The only circumstance under which it might make sense to raise revenues for Social Security is if it is done in conjunction with a credible mechanism, such as personally owned accounts, that would provide a way of taking the new receipts off the fiscal policy table.  Increasing the tax cap would raise considerable revenue in the short run and could provide a source of real national saving if, instead of being credited to the trust funds, it flowed into a new system of personal retirement accounts for all workers.

 

Government trust funds and procedural “lock boxes,” and taking Social Security “off budget” have all proven to be ineffective means of guarding excess Social Security receipts from fiscal erosion.  Personal accounts would take the money out of the hands of the government as they would be personally owned and contractually based.  Any attempt to reclaim the money for government spending would likely raise a storm of protest from the public.

 

Conclusion

 

Ultimately, a real solution that boosts national saving and achieves a fiscally sustainable system requires more than raising the tax cap or creating personal accounts.  The source of the nation’s long-range fiscal strains is not on the revenue side of the equation, but on the spending side, and the most effective long-range saving measures would be those that constrain future government consumption expenditures–i.e., those that would constrain the growth of federal entitlement programs like Social Security.  Any plan that ignores this fundamental reality is more of a placebo than a cure.


 The term covered earnings refers to payrolls and self-employment income that is subject to Social Security taxation.

 All data in this brief relating to workers and earnings subject to Social Security taxation were obtained from the Social Security Administration’s Annual Statistical Supplements, primarily the 2004 edition.

 The Social Security actuaries state that the decline in the 1990s “was mainly due to a relative increase in wages for high wage earners.  At least some of this decline and subsequent increase in the ratio is believed to be due to stock option activity surrounding the stock market bubble in 2000 and is not likely to recur.”  (Social Security trustees’ report, 2004, pg. 105)

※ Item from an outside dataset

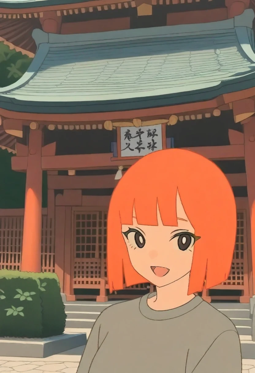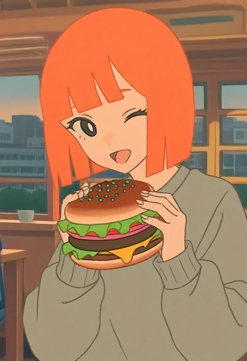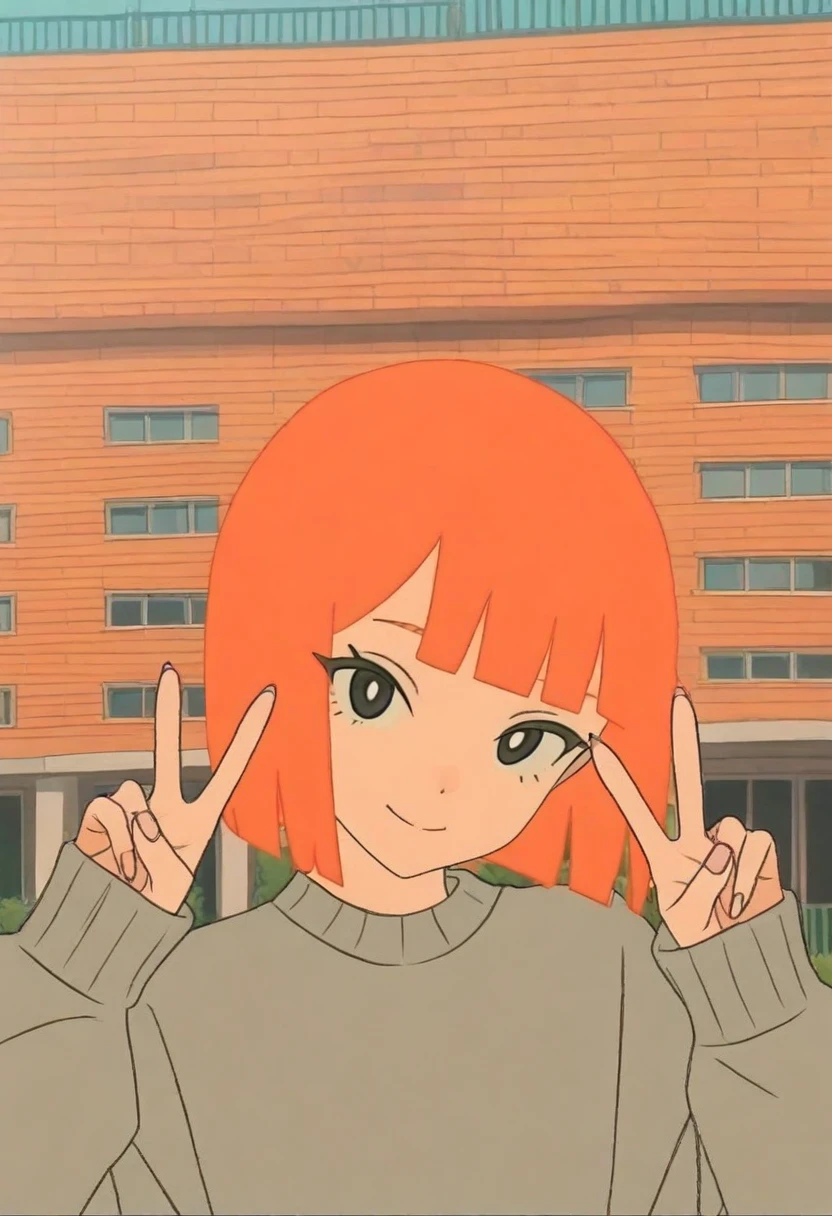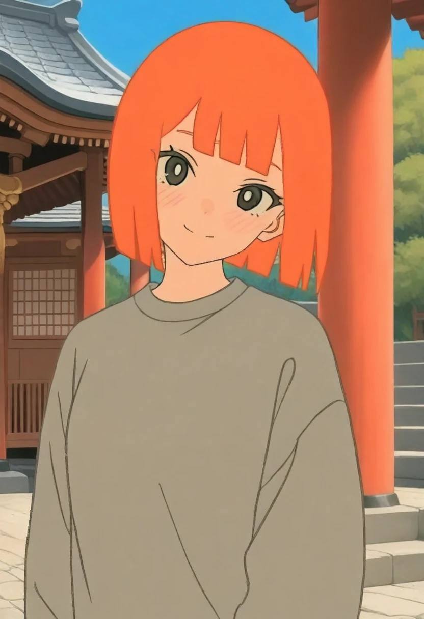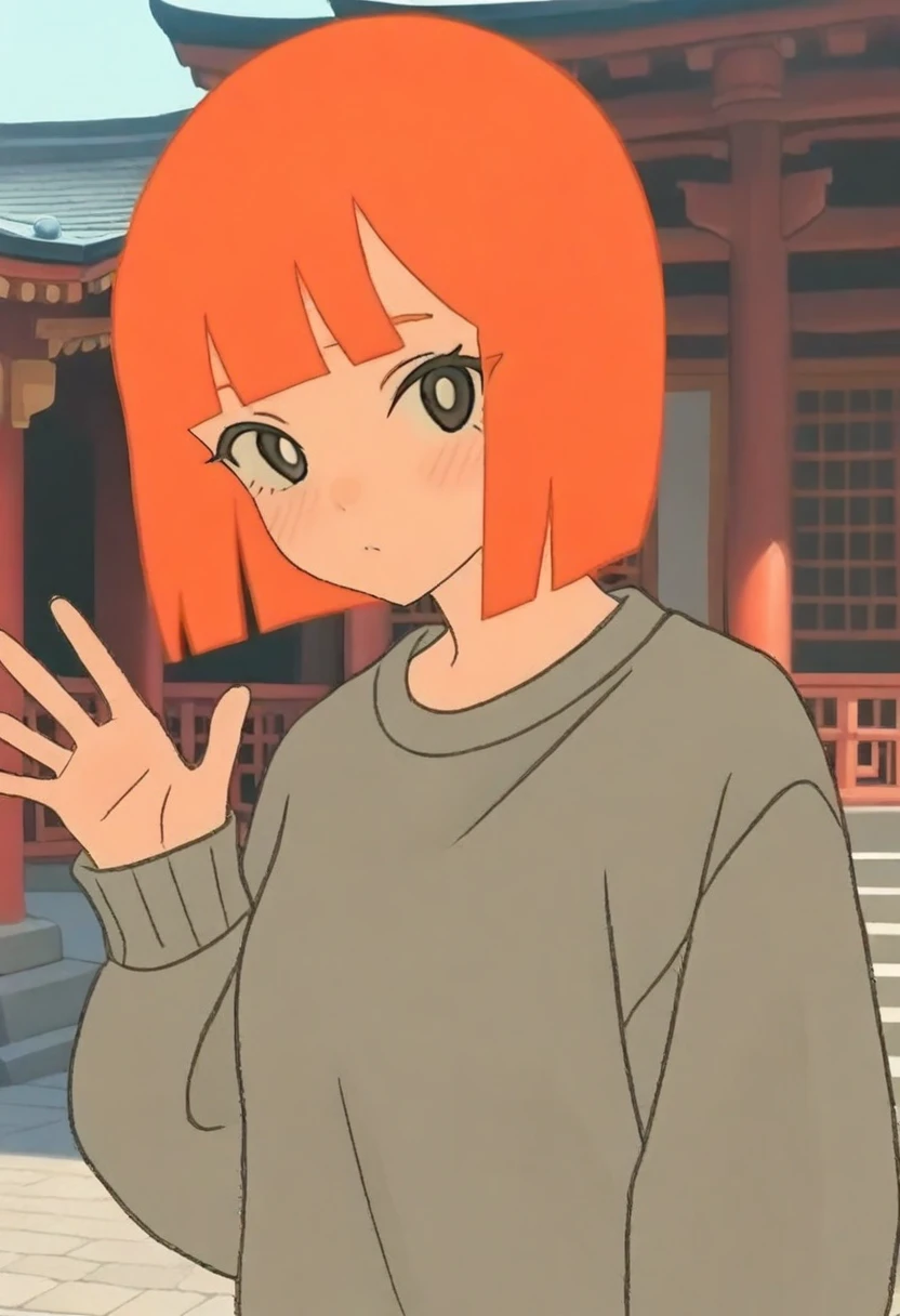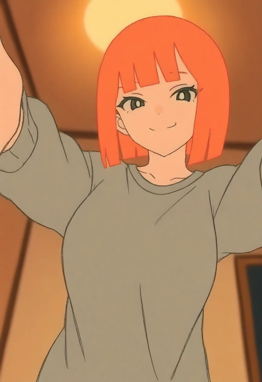 General Prompts: grey sweater, short hair, blunt bangs, orange hair, black eyes, bob cut

 The EITC can provide income tax relief on earnings up to $37,263 this year for a family with two or more children.  For a single individual, tax relief can be provided on earnings up to $11,000.

 For instance, the Social Security actuaries recently projected that eliminating the cap (and counting the increased taxable earnings in calculating benefits) could eliminate 93 percent of the next 75 years’ aggregate actuarial imbalance.  (Memo from the Office of the Actuary, Social Security Administration to the Social Security Advisory Board, February 7, 2005).

 The estimates are based on the underlying projections of the 2004 Social Security trustees’ report.  The basic projections in the trustees’ latest report, released in March of 2005, do not differ substantially from those contained in their 2004 report.

 There have been some estimates that over their working lifetimes, 20 percent or more workers will have had earnings in one or more years that reached or exceeded the cap.

 These figures are for the employee share only.